По дороге Хоуп молилась, чтобы ей удалось проскользнуть к себе в комнату незамеченной, но мольбы оказались напрасны – войдя во двор таверны, она тут же увидела Фейс и Котти, разговаривавших у двери черного хода.

– Хоуп! – воскликнула Фейс. – Ради Бога, где ты пропадала? Я беспокоилась… – Она замолчала, заметив необычное состояние дочери. – Что с тобой стряслось, девочка?

– Все в порядке, мама. – Хоуп постаралась проскользнуть мимо них в таверну, но Фейс преградила ей дорогу и отвела руку Хоуп от шеи.

– Да ты в крови!

Хоуп не оставалось ничего другого, как рассказать им о происшествии.

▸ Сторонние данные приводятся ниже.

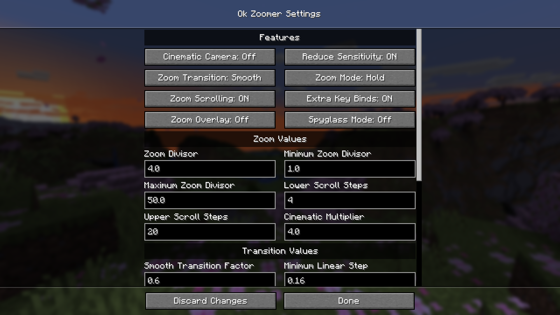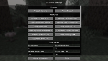 The Ok Zoomer config screen as of Ok Zoomer 8.0.0 (1.20.6).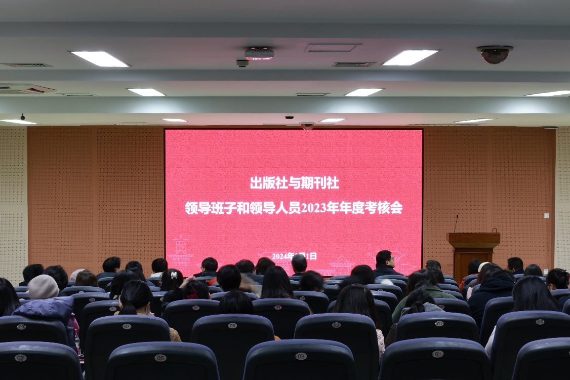 3月1日下午,出版社与期刊社领导班子和领导人员2023年年度考核会暨出版社2024年工作布置会在研究生院231报告厅召开。出版社与期刊社领导班子成员、全体员工,学校党委组织部相关工作人员参加会议。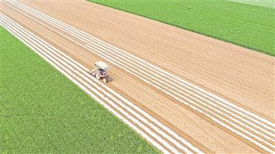 4月9日,在河南省商丘市睢县尚屯镇凡庄村一处农田,农机手驾驶播种机种植花生(无人机照片)。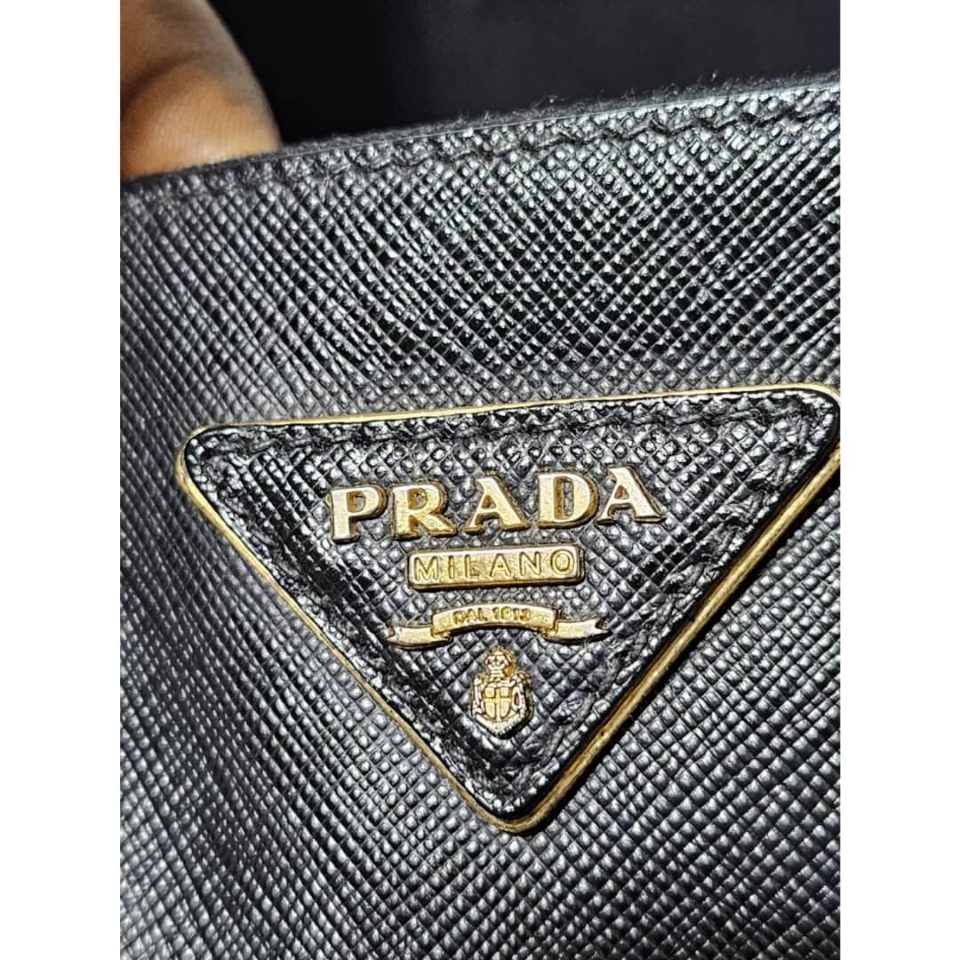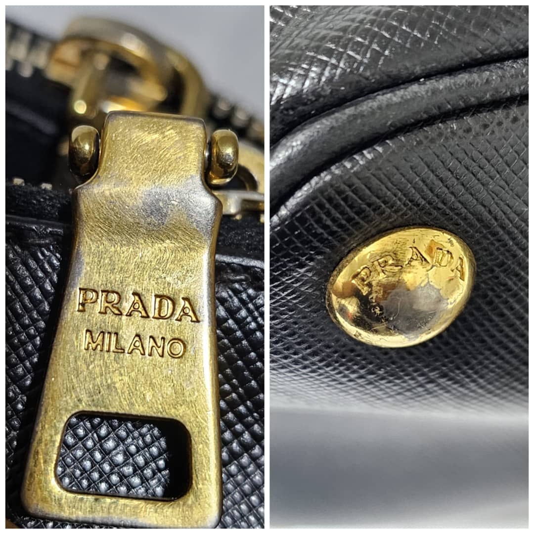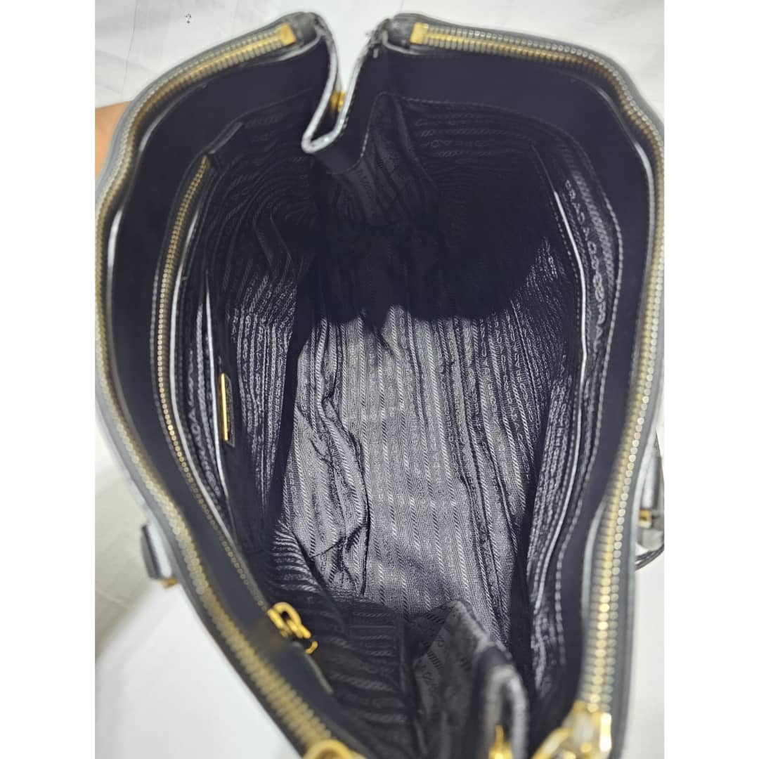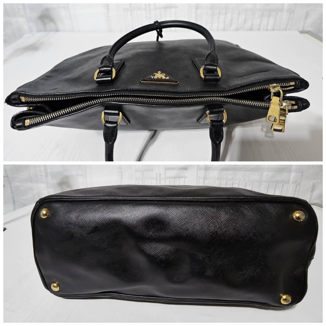 This authentic Prada Saffiano Lux Leather Double Zip Tote Bag Black is in it’s good pre-owned condition. The exterior leather is clean and beautiful. Interior is clean. It comes with a key charm. Gold hardware, shows some scratches. Bag is in good condition.

– Хоуп, – Фейс от страха за дочь стала еще бледнее, чем обычно, – что на тебя нашло? Тебя могли изнасиловать!

– Средь бела дня, мама?

– В Скалах может случиться все что угодно, – сдержанно заметил Котти, – ведь моряки – народ грубый. Обычно леди туда не заглядывают, тем более в одиночку. Тот человек, вероятно, принял тебя за проститутку и решил, что ты просто хочешь привлечь его внимание. Очень неосмотрительно с твоей стороны, Хоуп!

– Джон, – обернулась Фейс к мальчику, – мы у тебя в долгу. Если бы не ты, страшно подумать, что могло случиться с этой глупой девчонкой.

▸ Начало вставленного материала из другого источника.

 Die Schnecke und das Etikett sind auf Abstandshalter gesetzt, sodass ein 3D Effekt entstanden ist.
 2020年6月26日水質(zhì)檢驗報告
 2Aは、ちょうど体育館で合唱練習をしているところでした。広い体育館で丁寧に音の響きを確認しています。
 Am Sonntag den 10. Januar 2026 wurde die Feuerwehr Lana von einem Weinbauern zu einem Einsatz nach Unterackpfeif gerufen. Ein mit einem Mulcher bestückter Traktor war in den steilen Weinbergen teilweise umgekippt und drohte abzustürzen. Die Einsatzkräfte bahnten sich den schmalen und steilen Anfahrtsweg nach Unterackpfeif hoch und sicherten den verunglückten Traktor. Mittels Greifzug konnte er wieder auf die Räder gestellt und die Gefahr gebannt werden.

– Это моя обязанность, госпожа Фейс, – ответил Джон.

– Я прослежу, чтобы такое не повторилось. – Котти, злясь, расхаживал по двору. – Я оповещу кого следует, что если еще какой-нибудь наглец посмеет приставать к кому-либо из вас, он за это поплатится. А мое слово, могу сказать без ложной скромности, имеет в Скалах определенный вес…

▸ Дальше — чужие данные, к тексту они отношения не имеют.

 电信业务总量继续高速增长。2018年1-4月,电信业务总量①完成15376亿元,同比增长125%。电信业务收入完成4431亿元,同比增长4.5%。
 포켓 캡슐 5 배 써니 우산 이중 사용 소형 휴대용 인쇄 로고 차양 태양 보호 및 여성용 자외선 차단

– Перестань, Котти! – сердито оборвала его Фейс. – Но ты, Хоуп, будешь строго наказана, если еще когда-нибудь сделаешь что-либо подобное.

Но Хоуп не слышала слов матери: ее внимание было сосредоточено на расхаживавшем по двору Котти. Казалось, он всем своим существом переживал грозившую ей опасность. Никогда в жизни она не видела его таким обеспокоенным. Хоуп чувствовала себя виноватой, но в то же время радовалась, что он так за нее встревожился.

– Что с тобой, мама? – закричала вдруг Чарити.

Котти и Хоуп обернулись – лицо Фейс побелело как мел, она приложила руку к сердцу, застонала и пошатнулась, но Котти успел подхватить ее и бережно опустил на землю.

– Фейс, что с вами?

По телу Фейс пробежала дрожь, она издала какой-то странный хрип и обмякла у него на руках.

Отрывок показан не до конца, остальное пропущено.